* [What to work on]
Each and every line below goes into your answer unchanged, but leave out the images.

* [Input data]
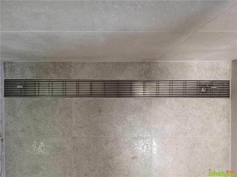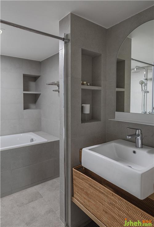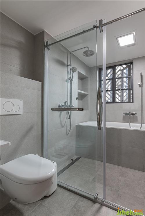 次衛(wèi)空間較小,所以沒有做淋浴房,用一塊透明玻璃作為隔斷,我們在淋浴空間與馬桶之間設計了斷水槽工藝,保證水不會流出來。
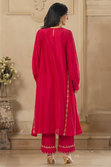 Rani pink chiniya silk kurta featuring hand embroidered anar motifs, mirror, and zari work. Paired with matching pant featuring an elasticated waistband.
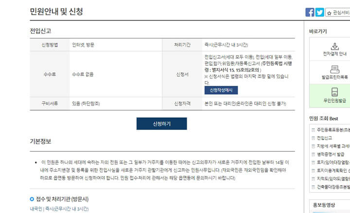 서비스 바로가기에서 전입신고를 클릭해주시면 됩니다.

* [Output for this exercise]
 次衛(wèi)空間較小,所以沒有做淋浴房,用一塊透明玻璃作為隔斷,我們在淋浴空間與馬桶之間設計了斷水槽工藝,保證水不會流出來。
 Rani pink chiniya silk kurta featuring hand embroidered anar motifs, mirror, and zari work. Paired with matching pant featuring an elasticated waistband.
 서비스 바로가기에서 전입신고를 클릭해주시면 됩니다.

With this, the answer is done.